C:\EdgeProfiles\session_${client_name}
ドライブ直下や他用途のフォルダーを指定する
C:\などのドライブ直下や、別アプリケーションが使用しているフォルダーをUserDataDirに指定してはいけません。Edgeがフォルダー内のデータを管理するため、既存ファイルの混在やデータ消失につながる可能性があります。(Microsoft Learn)
料金・更新・期限の確認ポイント
| 確認項目 | 内容 |
|---|---|
| Edge側の追加料金 | ディレクトリ変数を使用するための個別課金は公式資料に記載されていない |
| Intuneの料金 | Intuneで配布する場合は、組織が保有するIntuneまたはMicrosoft 365のライセンス条件を確認する |
| Windowsの更新 | Windows Updateによる一斉切り替えではなく、Edgeポリシーの設定変更として管理する |
| Edgeのバージョン | UserDataDirとDownloadDirectoryはEdge 77以降、DefaultDownloadDirectoryはEdge 147以降 |
| 移行期限 | 固定パスから変数へ移行する期限は公式資料に記載されていない |
| 強制適用日 | 2026年6月15日に保存先が自動変更されるとの記載は確認できない |
| 再起動 | UserDataDirはEdgeの再起動が必要 |
| ADMX更新 | 新しいポリシーを使う場合は、管理用テンプレートを更新する |
追加料金や期限が設定された新サービスではなく、既存のEdge管理ポリシーを安全に配布するための仕組みと考えると分かりやすいでしょう。
まず確認すべきこと
一般ユーザーは、edge://versionで現在のプロファイルパスを確認し、従来どおり利用できていれば対応不要です。
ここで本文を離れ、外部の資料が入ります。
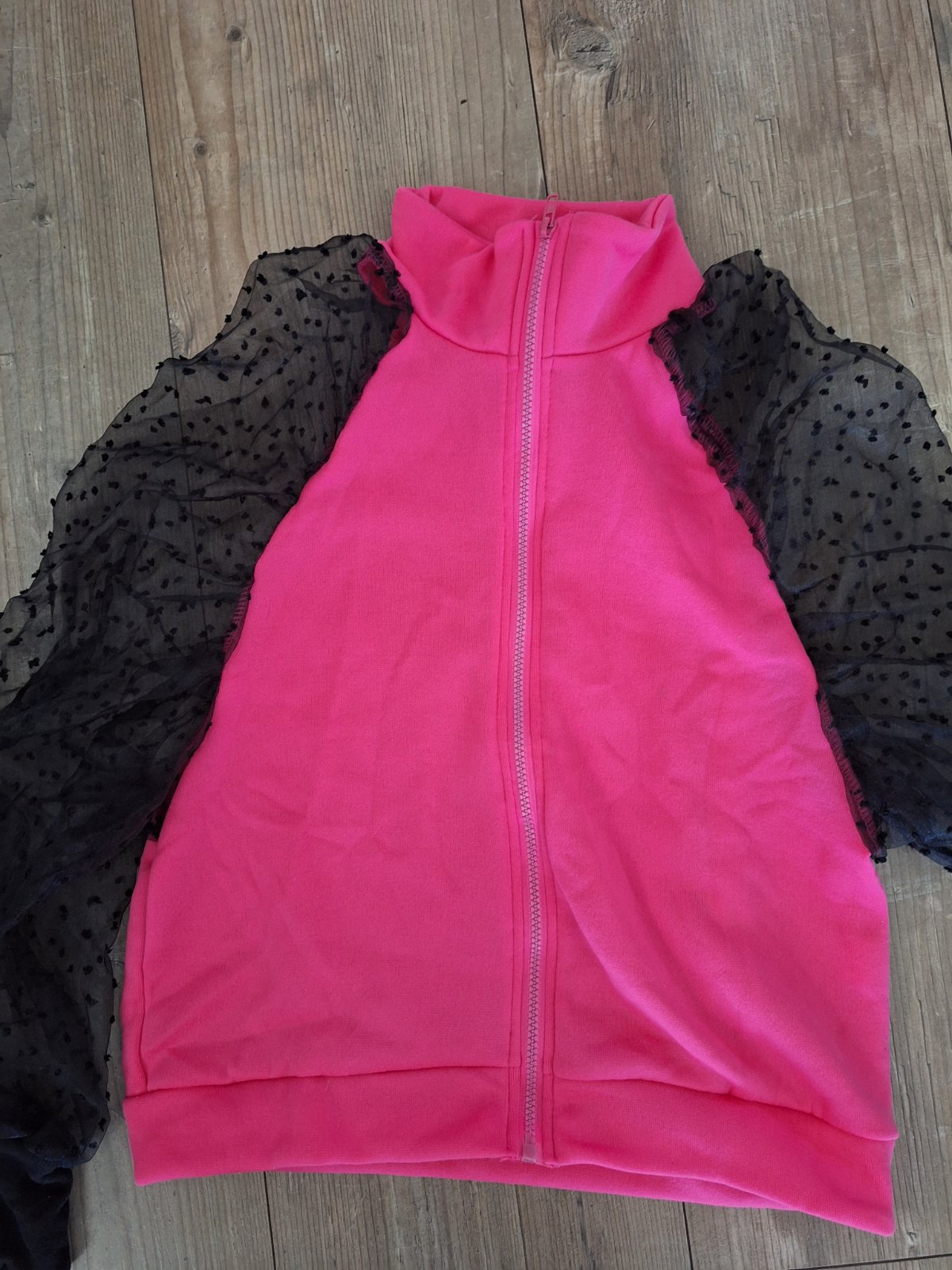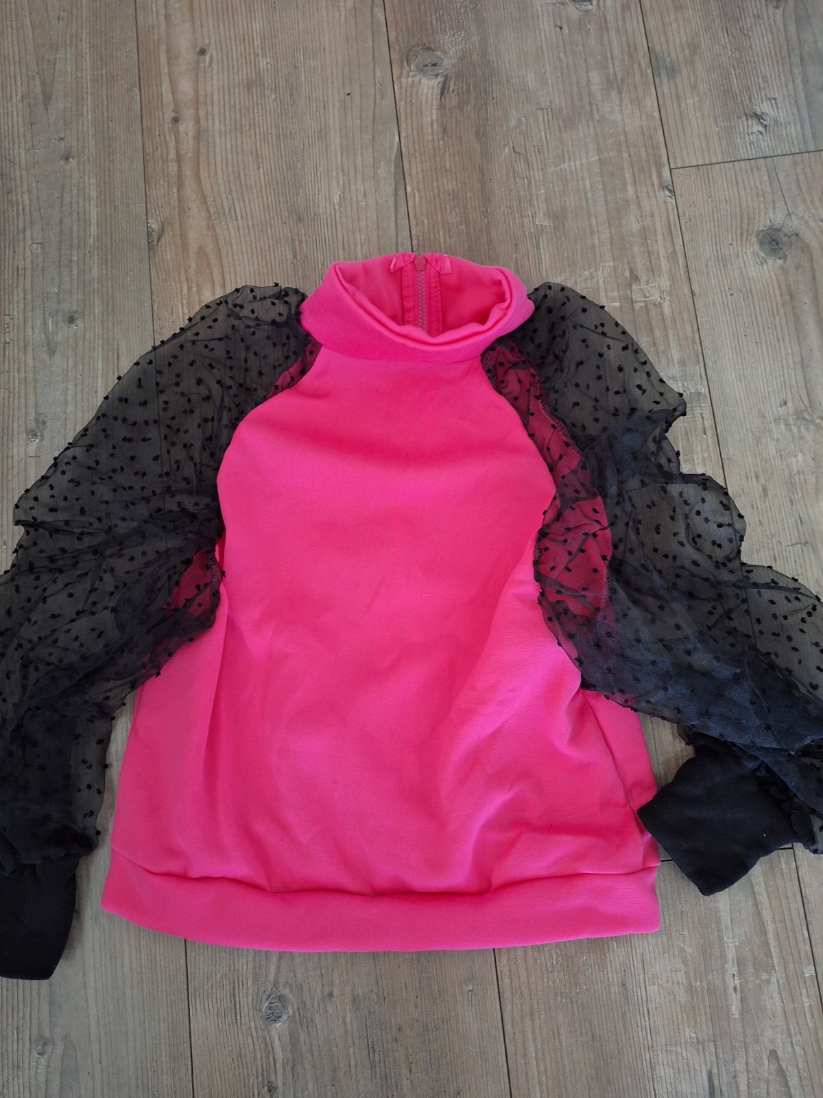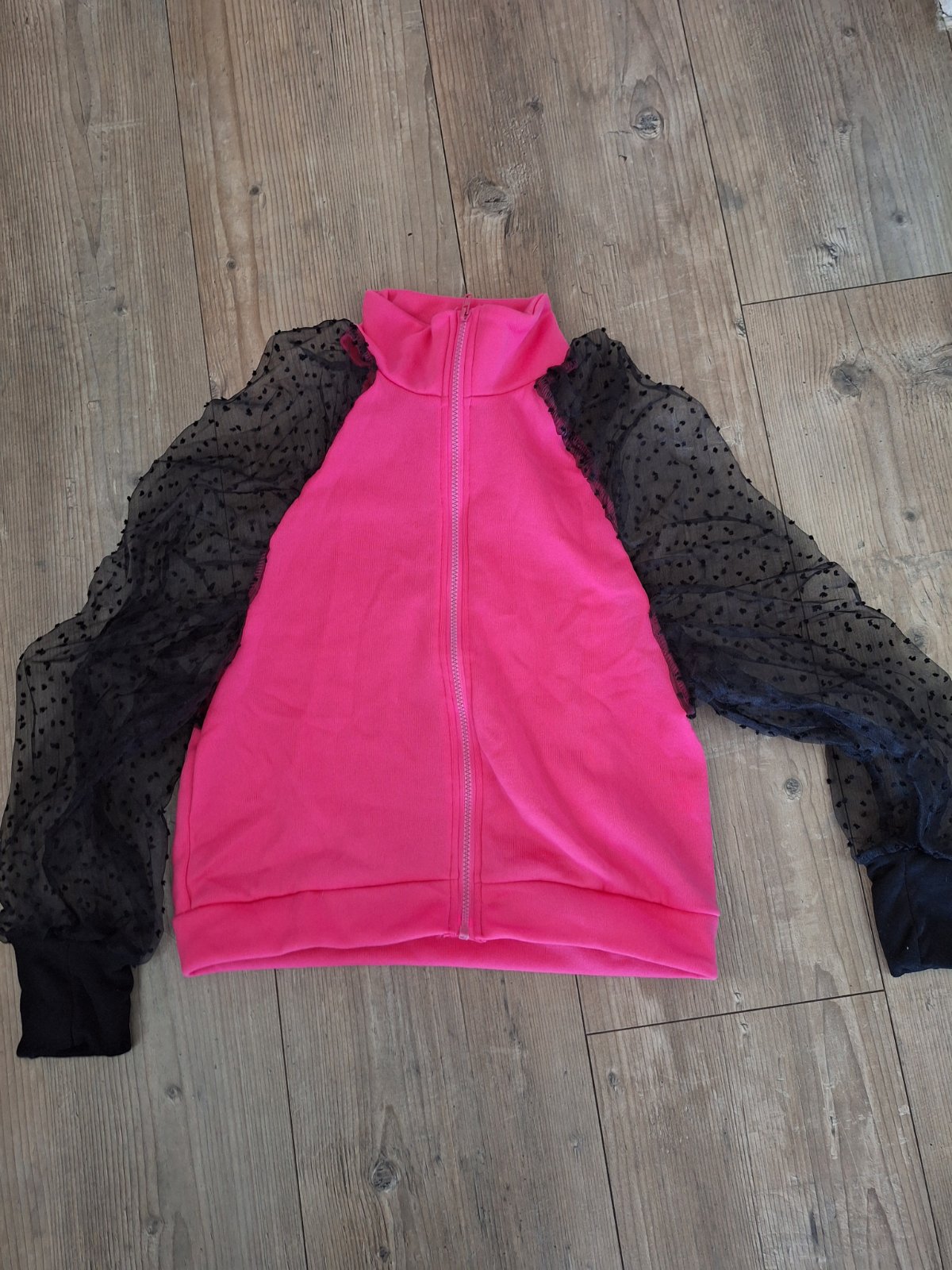 kraaaaasna zaujimava a dokonala mikina s velkymi nariasenymi priehladnymi rukavmi. material 65% polyester a 35% bavlna . velkost , M

管理者は、最初にedge://policyでUserDataDirやDownloadDirectoryの有無を調査してください。設定を変更する場合は、次の順序で進めると安全です。
- 現在の保存先とポリシーを記録する
- ネットワークパスや共有フォルダーを使用していないか確認する
- ユーザーごとに分離された絶対パスを設計する
- テスト端末で新しい変数を適用する
- Edgeを再起動して
edge://versionを確認する - お気に入り、拡張機能、サインイン状態を検証する
- 問題がなければ段階的に展開する
ディレクトリ変数の利点は、パスを短く書けることではありません。ユーザー名や端末構成に依存しないポリシーを作り、複数端末へ安全に展開しやすくすることにあります。既存環境では、設定値だけでなく、保存先の権限、セッションの分離、データ移行方法まで含めて確認することが重要です。